The $B$ field can also be defined by the torque on a magnetic dipole, $m$ .^[12]^: 174

Magnetic torque (vector form, SI units)

${\boldsymbol {\tau }}=\mathbf {m} \times \mathbf {B}$

The SI unit of $B$ is tesla (symbol: T).^{[note 4]} The Gaussian-cgs unit of $B$ is the gauss (symbol: G). (The conversion is 1 T ≘ 10000 G.^[13]^[14]) One nanotesla corresponds to 1 gamma (symbol: γ).^[14]

The H-field

Alternative names for H^[8]
Magnetic field intensity^[9] Magnetic field strength^[5]^: 139 Magnetic field Magnetizing field Auxiliary magnetic field

The magnetic $H$ field is defined:^[11]^: 269^[12]^: 192^[2]^: ch36

Definition of the $H$ field(vector form, SI units)

$\mathbf {H} \equiv {\frac {1}{\mu _{0}}}\mathbf {B} -\mathbf {M}$

where $\mu _{0}$ is the vacuum permeability, and $M$ is the magnetization vector. In a vacuum, $B$ and $H$ are proportional to each other. Inside a material they are different (see H and B inside and outside magnetic materials). The SI unit of the $H$ -field is the ampere per metre (A/m),^[15] and the CGS unit is the oersted (Oe).^[13]^[10]^: 286

Measurement

Visualization

Visualizing magnetic fields

Left: the direction of magnetic field lines represented by iron filings sprinkled on paper placed above a bar magnet.
Right: compass needles point in the direction of the local magnetic field, towards a magnet's south pole and away from its north pole.

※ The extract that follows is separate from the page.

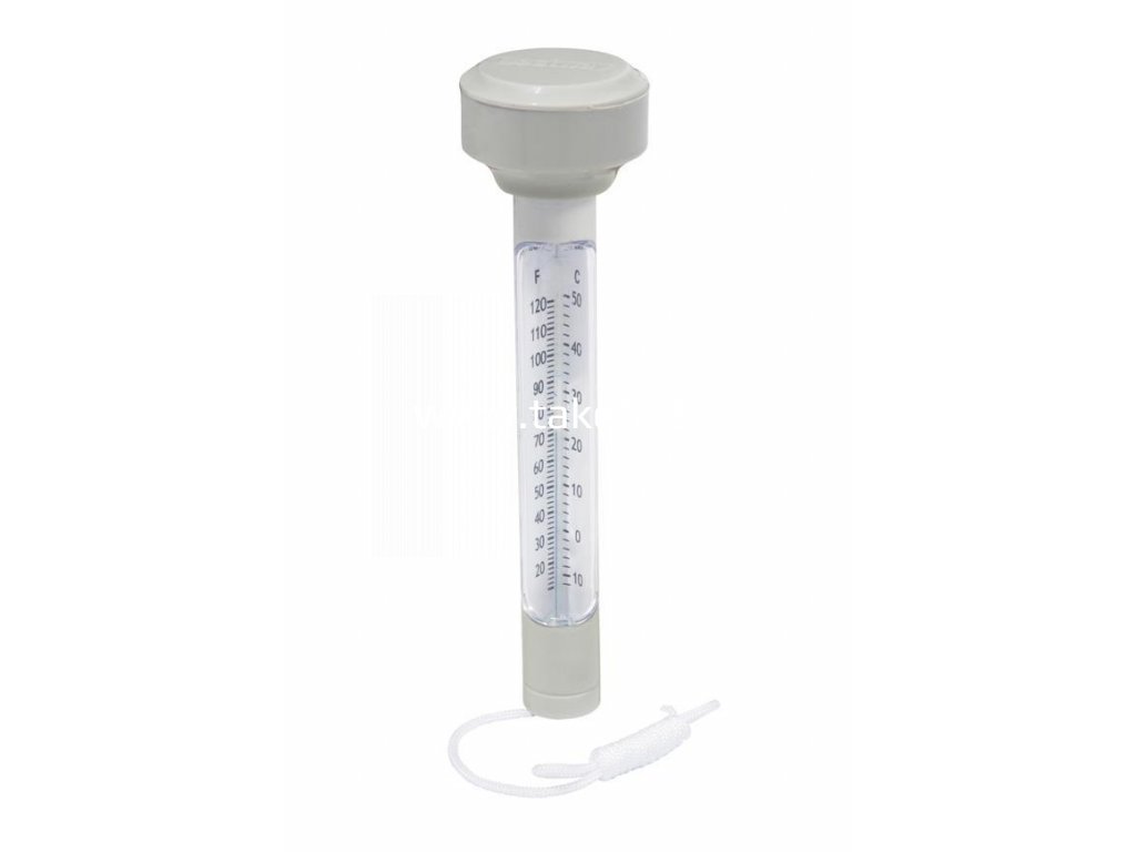 Plávajúci teplomer do bazéna Bestway® FlowClear™ 58072 disponuje jednoducho čítateľnou stupnicou. Teplomer zobrazuje hodnoty v stupňoch Celsia aj Fahrenheita. Teplomer z ABS konštrukcie sa pripevňuje pomocou pásika na bazén, aby zostal na mieste.

The field can be visualized by a set of magnetic field lines, that follow the direction of the field at each point. The lines can be constructed by measuring the strength and direction of the magnetic field at a large number of points (or at every point in space). Then, mark each location with an arrow (called a vector) pointing in the direction of the local magnetic field with its magnitude proportional to the strength of the magnetic field. Connecting these arrows then forms a set of magnetic field lines. The direction of the magnetic field at any point is parallel to the direction of nearby field lines, and the local density of field lines can be made proportional to its strength. Magnetic field lines are like streamlines in fluid flow, in that they represent a continuous distribution, and a different resolution would show more or fewer lines.

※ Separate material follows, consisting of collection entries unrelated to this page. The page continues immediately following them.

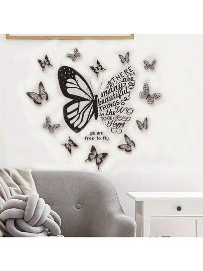 12入組創意蝴蝶牆貼,蝴蝶花卉圖案自粘牆貼,臥室/玄關/客廳/門廊居家裝飾牆貼,壁貼裝飾 - 黑與白 - 查看 1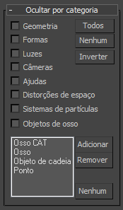Ative as caixas de verificação para ocultar os objetos dessa categoria. Você pode usar os botões Todos, Nenhum e Inverter para alterar rapidamente as configurações das caixas de seleção.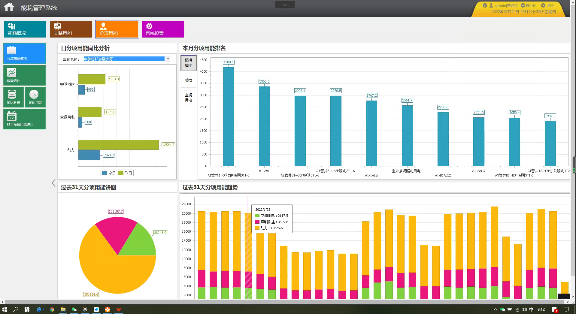 Acrel-5000能耗管理系統可以按照分項進行能耗統計與顯示。其中,日分項用能同比分析圖顯示不同分項的當日與昨日能耗柱狀圖(藍色柱表示今日,綠色柱表示昨日);用能餅圖顯示各分項過去31天的用能占比;堆積圖顯示各分項過去31天的能耗趨勢;分項用能排名圖顯示被選中分項對應能耗值排名前10位的支路。

An advantage of using magnetic field lines as a representation is that many laws of magnetism (and electromagnetism) can be stated completely and concisely using simple concepts such as the "number" of field lines through a surface. These concepts can be quickly "translated" to their mathematical form. For example, the number of field lines through a given surface is the surface integral of the magnetic field.^[10]^: 237

Various phenomena "display" magnetic field lines as though the field lines were physical phenomena. For example, iron filings placed in a magnetic field form lines that correspond to "field lines".^{[note 5]} Magnetic field "lines" are also visually displayed in polar auroras, in which plasma particle dipole interactions create visible streaks of light that line up with the local direction of Earth's magnetic field.

Field lines can be used as a qualitative tool to visualize magnetic forces. In ferromagnetic substances like iron and in plasmas, magnetic forces can be understood by imagining that the field lines exert a tension, (like a rubber band) along their length, and a pressure perpendicular to their length on neighboring field lines. "Unlike" poles of magnets attract because they are linked by many field lines; "like" poles repel because their field lines do not meet, but run parallel, pushing on each other.

Magnetic field of permanent magnets

Permanent magnets are objects that produce their own persistent magnetic fields. They are made of ferromagnetic materials, such as iron and nickel, that have been magnetized, and they have both a north and a south pole.

The magnetic field of permanent magnets can be quite complicated, especially near the magnet. The magnetic field of a small^{[note 6]} straight magnet is proportional to the magnet's strength (called its magnetic dipole moment $m$ ). The equations are non-trivial and depend on the distance from the magnet and the orientation of the magnet. For simple magnets, $m$ points in the direction of a line drawn from the south to the north pole of the magnet. Flipping a bar magnet is equivalent to rotating its $m$ by 180 degrees.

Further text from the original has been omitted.